| YOUR OBJECTIVE |
Nothing but the pictures may be left out. Restate the rest of the entries word for word.

DATA TO USE below:

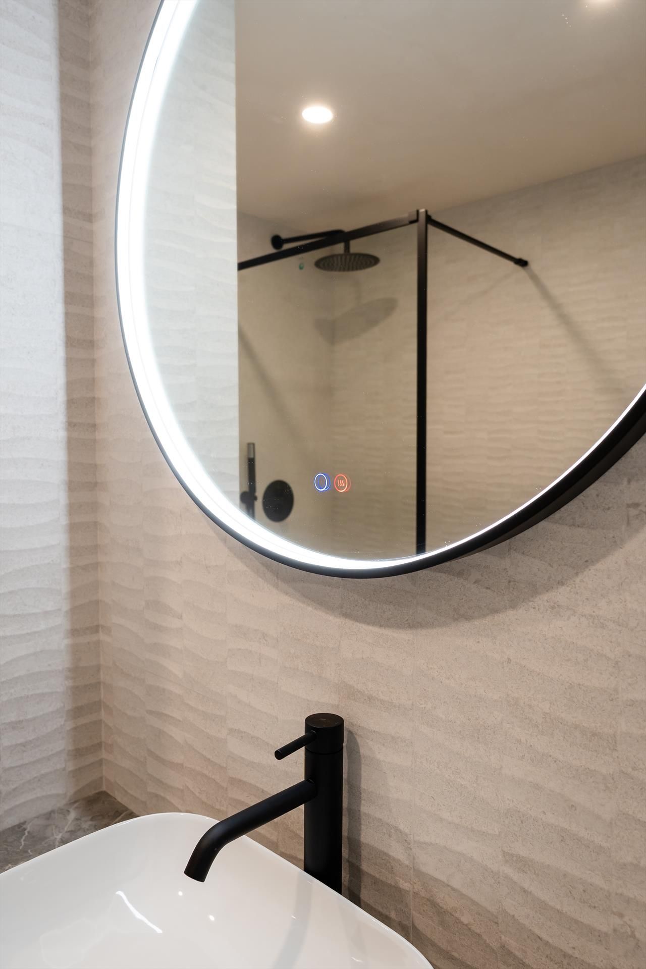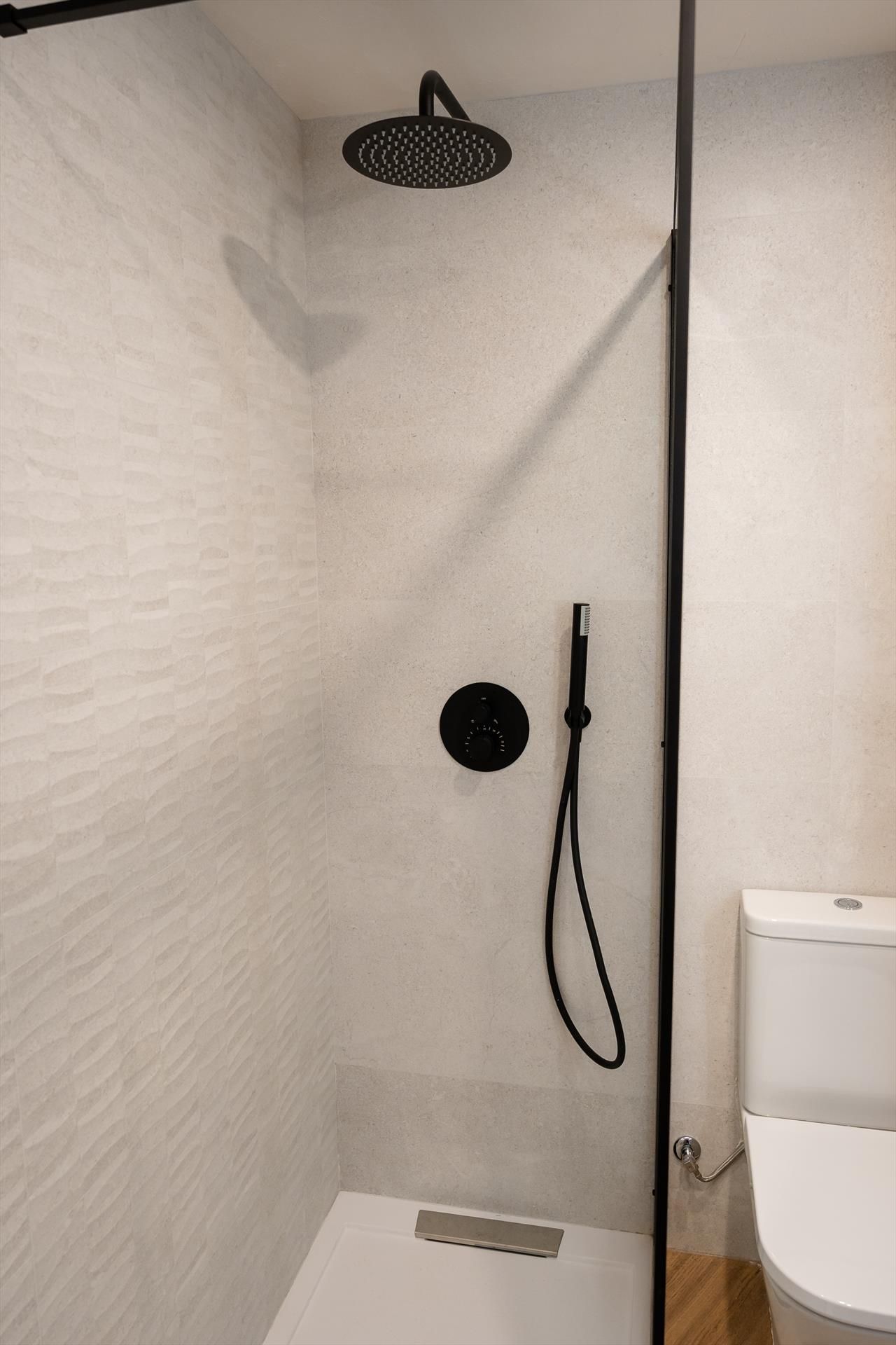 - cuarto de baño con lavabo, ducha, water y secadora de pelo
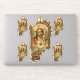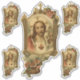 Dieser wunderschöne Kontur-Aufkleber zeigt ein traditionelles katholisches Bild des heiligen Herzens von Jesus mit einer goldenen dekorativen Grenze und Lamm.
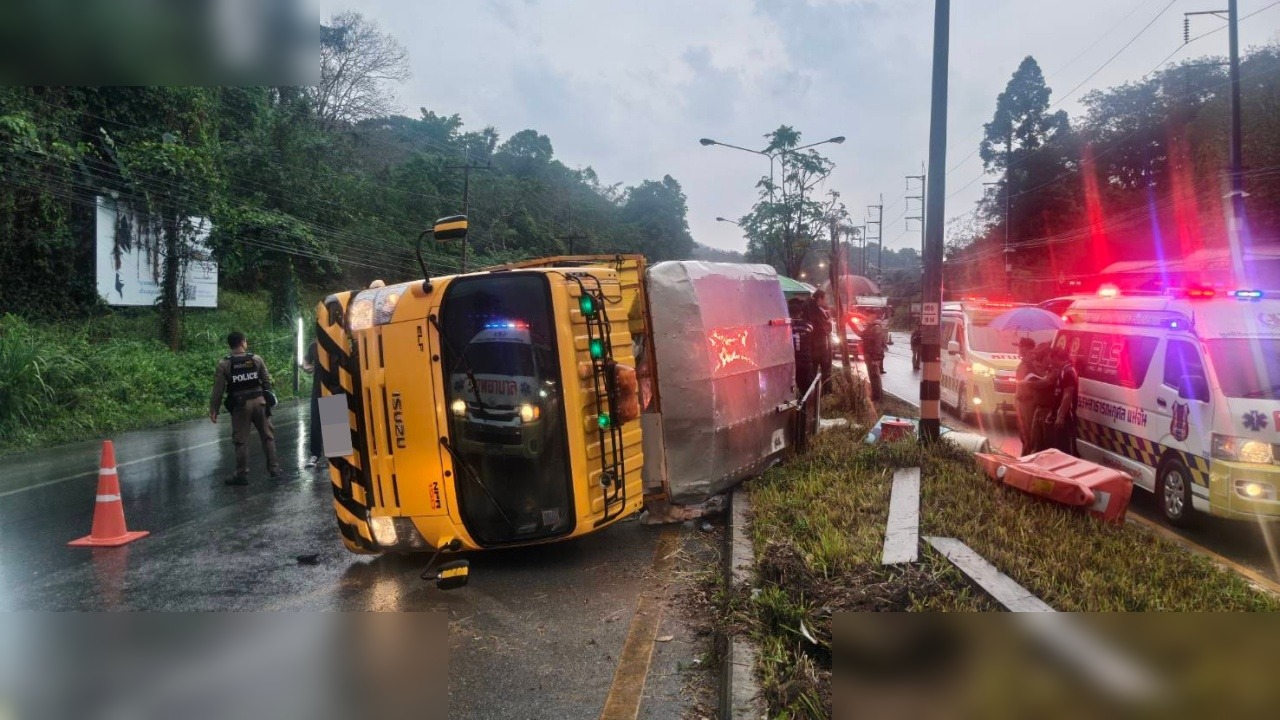 เจ็บ 7 ราย! รถหกล้อแขวงการทางแม่สายเสียหลักชนเกาะกลางพลิกตะแคง
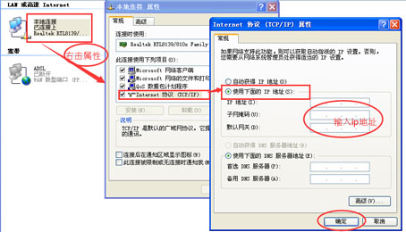 在“控制面板→網(wǎng)絡(luò)連接→本地連接→右鍵屬性→Internet協(xié)議(TCP/IP)→屬性→使用下面的IP地址”,
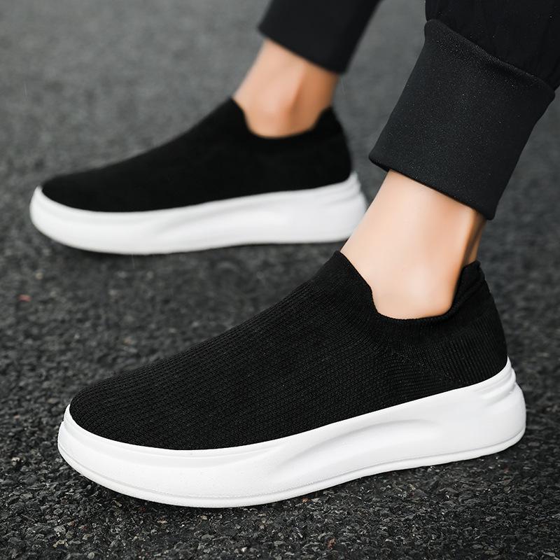 Spring and Summer New One-pedal Breathable Mesh Shoes Couple Thick-soled Fly-woven Foot Socks Casual Shoes Men's Shoes
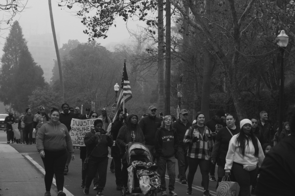 Marchers reached the finish line, having completed the nearly five-mile walk from Sacramento City College, passed the Capitol building and ended at the Safe Credit Union building. They held the American flag and a sign that said “Injustice anywhere is a threat to justice everywhere.” (Kadreanna Walker)
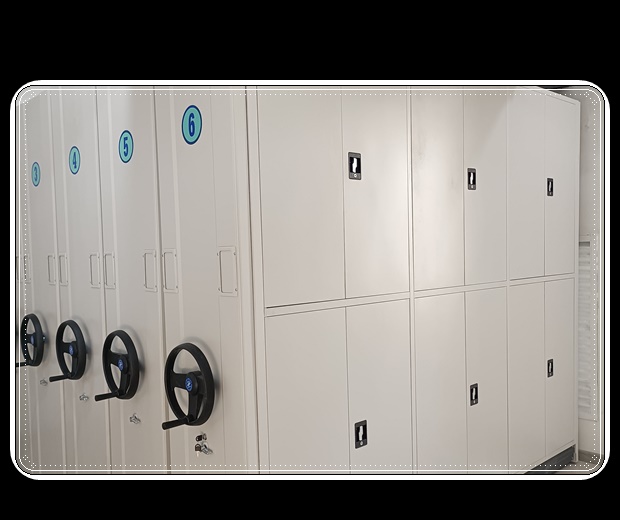 手搖動密集架具有載量多,使用方便等特點,主要用于檔案資料、證券憑證等的存放。主要由軌道、柜體、底盤、面板、門板、目錄卡及傳動裝置、防倒裝置、密封裝置九部分組成:
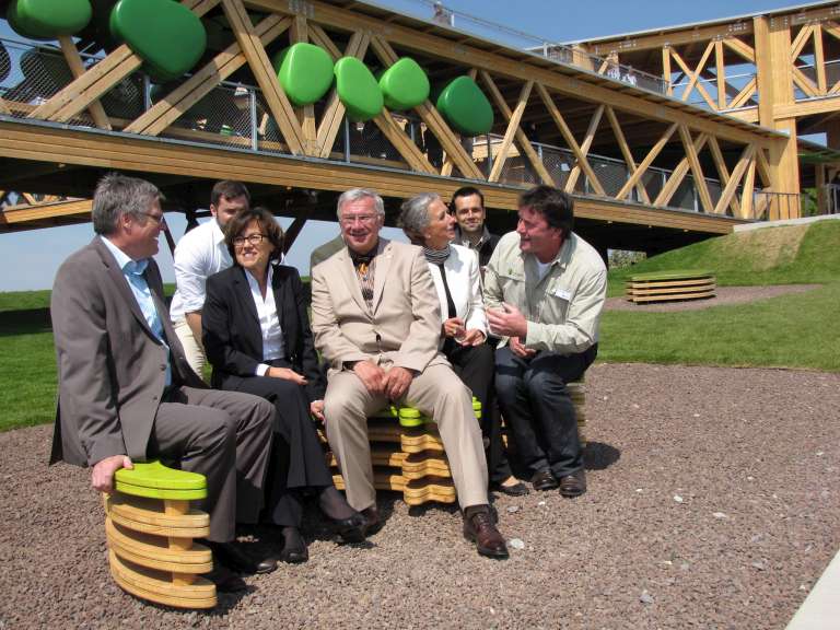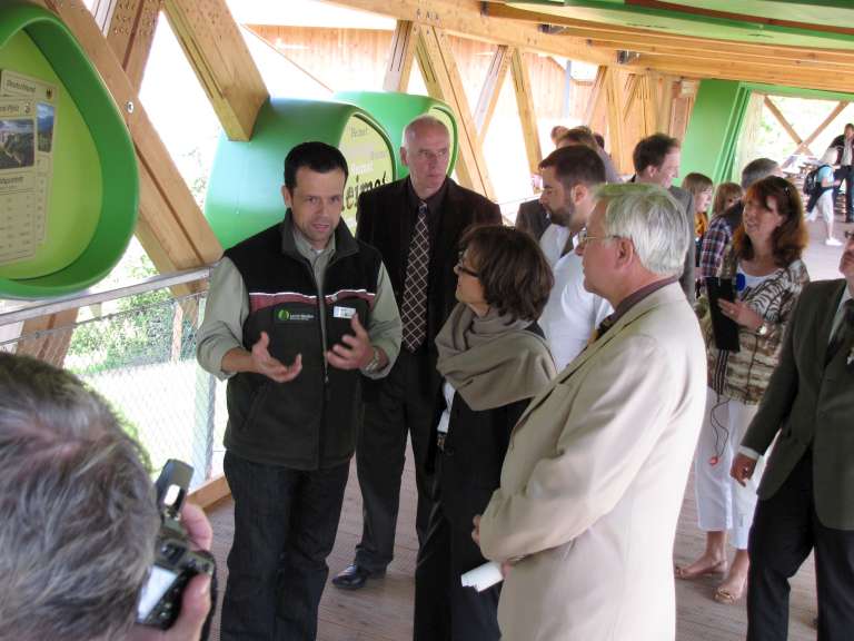 Heute besichtigte Umweltministerin Margit Conrad das Bauwerk mit dem Ausstellungsbeitrag „Wald im Wandel. Das Gebäude wurde von dem Architekten Daniel Dethier entworfen. Das Baumaterial, etwa 150 Kubikmeter Holz, stammt aus heimischer, nachhaltiger Forstwirtschaft.
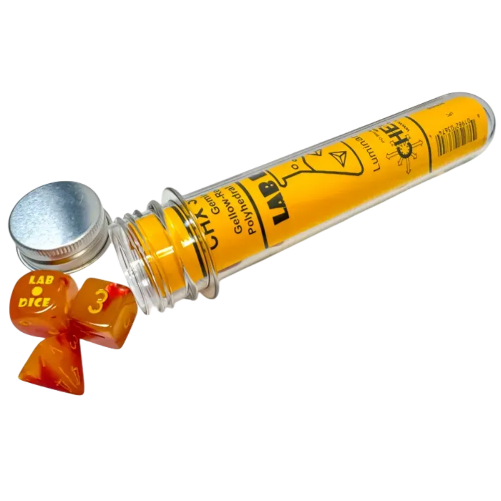 The dice are red and yellow with yellow numbers. They are packaged in a clear hard plastic container in the shape of a lab test tube.
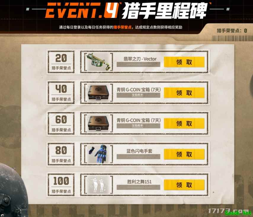 活动4:猎手里程碑!完成每日登陆及每日任务所获得的猎手荣誉点在这里有大用,累计足够的点数可以获得新枪皮翡翠之刃-Vector,以及新皮肤蓝色闪电手套和最新的胜利之舞151,还有G-Coin宝箱等你领取哟!
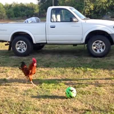 A rooster chicken runs after a soccer ball and kicks it repeatedly outdoors.
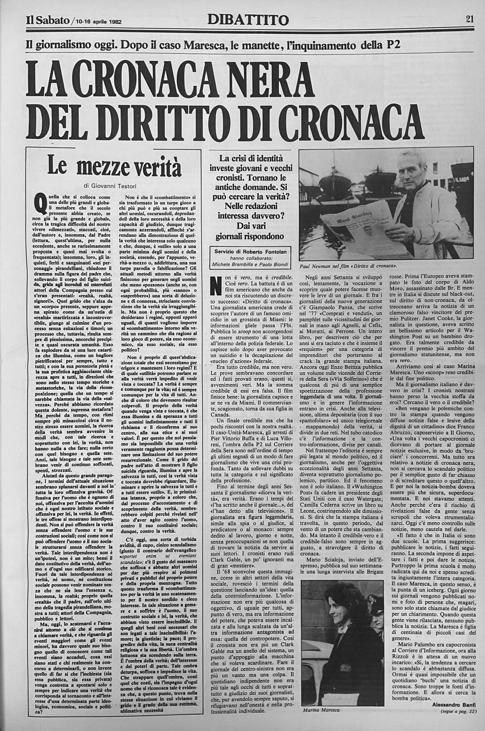 Intervento sul concetto di verità e sui doveri che dovrebbero assumersi i giornalisti.
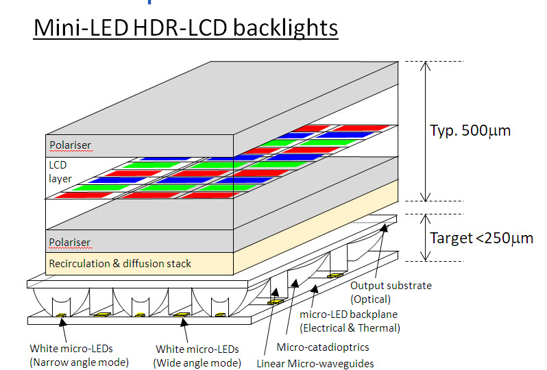 The challenge with Mini-LED technology comes down to a cost/benefit tradeoff. To get anywhere close to the contrast ratio of OLED, mini-LED LCDs need more than 10,000 individual chips and an active matrix backplane to drive a high-performance backlight. This backlight backplane is needed in addition to the primary backplane already used to drive the LCD pixels. The result is a display that looks better than traditional LCD but not as good as OLED—with a cost that’s at least as high as OLED today. Mini-LED LCDs retain the other deficits versus OLED—a lower color range, slower response times and a thicker form factor.
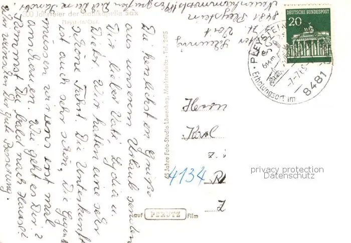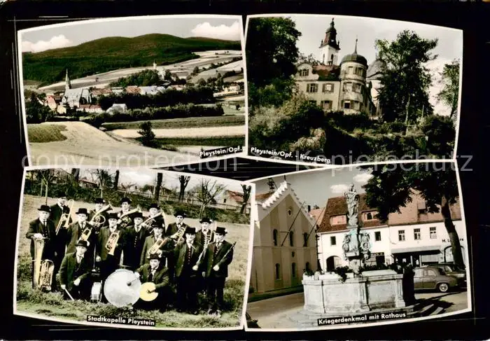 Pleystein Panorama Kreuzberg Stadtkapelle Kriegerdenkmal mit Rathaus Pleystein postalisch gelaufen 1966 Erhaltung siehe scans [FriedD77] Frierer
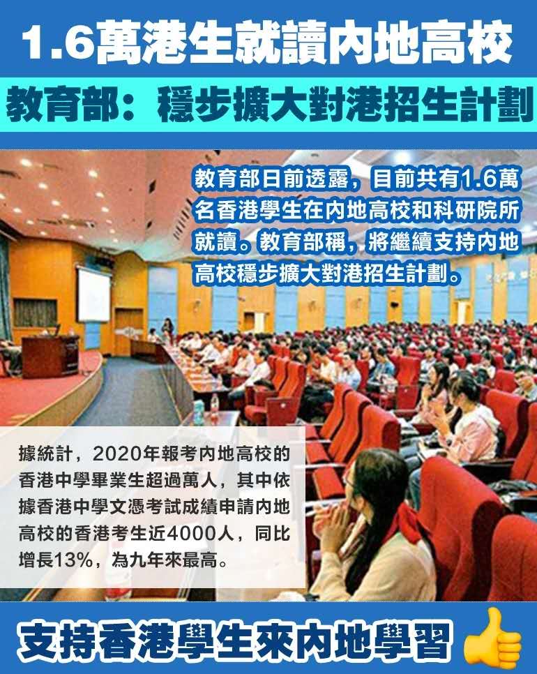 教育部透露,2020年通过各种途径报考内地高校的香港中学毕业生超过万人。
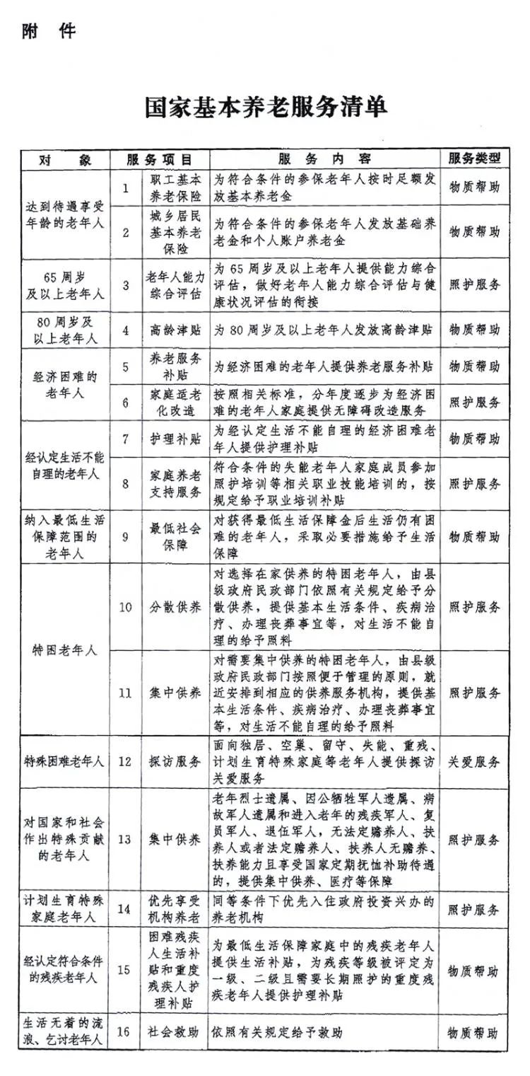 国家基本养老服务清单
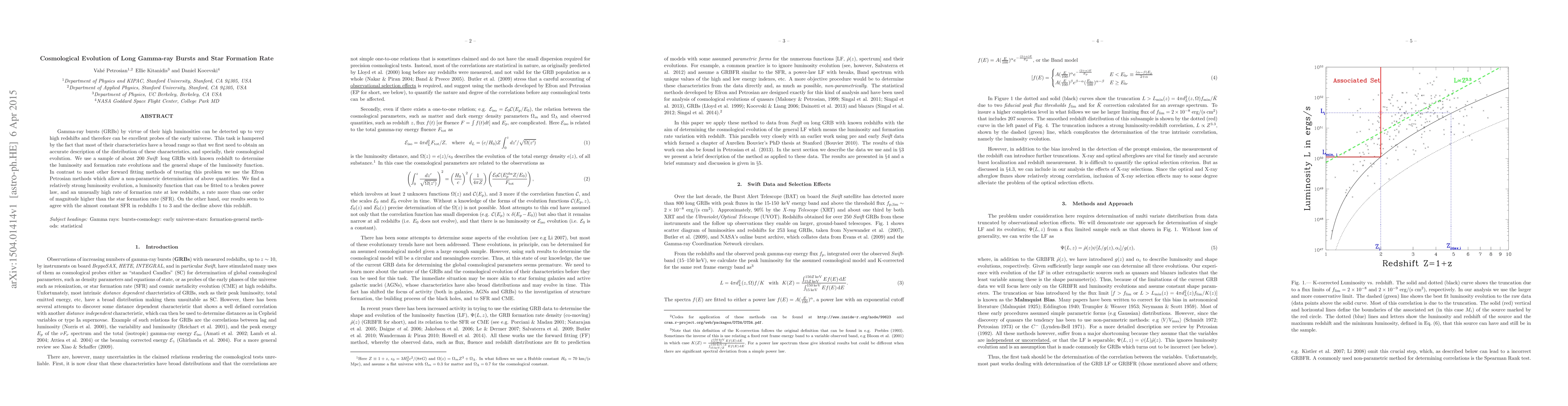 Researchers analyzed 200 long gamma-ray bursts to study their luminosity and formation rate evolution, finding a strong luminosity change and unusually high star formation rates at low redshifts.

End of DATA TO USE.

| ANSWER BELOW |
 - cuarto de baño con lavabo, ducha, water y secadora de pelo
 Dieser wunderschöne Kontur-Aufkleber zeigt ein traditionelles katholisches Bild des heiligen Herzens von Jesus mit einer goldenen dekorativen Grenze und Lamm.
 เจ็บ 7 ราย! รถหกล้อแขวงการทางแม่สายเสียหลักชนเกาะกลางพลิกตะแคง
 在“控制面板→網(wǎng)絡(luò)連接→本地連接→右鍵屬性→Internet協(xié)議(TCP/IP)→屬性→使用下面的IP地址”,
 Spring and Summer New One-pedal Breathable Mesh Shoes Couple Thick-soled Fly-woven Foot Socks Casual Shoes Men's Shoes
 Marchers reached the finish line, having completed the nearly five-mile walk from Sacramento City College, passed the Capitol building and ended at the Safe Credit Union building. They held the American flag and a sign that said “Injustice anywhere is a threat to justice everywhere.” (Kadreanna Walker)
 手搖動密集架具有載量多,使用方便等特點,主要用于檔案資料、證券憑證等的存放。主要由軌道、柜體、底盤、面板、門板、目錄卡及傳動裝置、防倒裝置、密封裝置九部分組成:
 Heute besichtigte Umweltministerin Margit Conrad das Bauwerk mit dem Ausstellungsbeitrag „Wald im Wandel. Das Gebäude wurde von dem Architekten Daniel Dethier entworfen. Das Baumaterial, etwa 150 Kubikmeter Holz, stammt aus heimischer, nachhaltiger Forstwirtschaft.
 The dice are red and yellow with yellow numbers. They are packaged in a clear hard plastic container in the shape of a lab test tube.
 活动4:猎手里程碑!完成每日登陆及每日任务所获得的猎手荣誉点在这里有大用,累计足够的点数可以获得新枪皮翡翠之刃-Vector,以及新皮肤蓝色闪电手套和最新的胜利之舞151,还有G-Coin宝箱等你领取哟!
 A rooster chicken runs after a soccer ball and kicks it repeatedly outdoors.
 Intervento sul concetto di verità e sui doveri che dovrebbero assumersi i giornalisti.
 The challenge with Mini-LED technology comes down to a cost/benefit tradeoff. To get anywhere close to the contrast ratio of OLED, mini-LED LCDs need more than 10,000 individual chips and an active matrix backplane to drive a high-performance backlight. This backlight backplane is needed in addition to the primary backplane already used to drive the LCD pixels. The result is a display that looks better than traditional LCD but not as good as OLED—with a cost that’s at least as high as OLED today. Mini-LED LCDs retain the other deficits versus OLED—a lower color range, slower response times and a thicker form factor.
 Pleystein Panorama Kreuzberg Stadtkapelle Kriegerdenkmal mit Rathaus Pleystein postalisch gelaufen 1966 Erhaltung siehe scans [FriedD77] Frierer
 教育部透露,2020年通过各种途径报考内地高校的香港中学毕业生超过万人。
 国家基本养老服务清单
 Researchers analyzed 200 long gamma-ray bursts to study their luminosity and formation rate evolution, finding a strong luminosity change and unusually high star formation rates at low redshifts.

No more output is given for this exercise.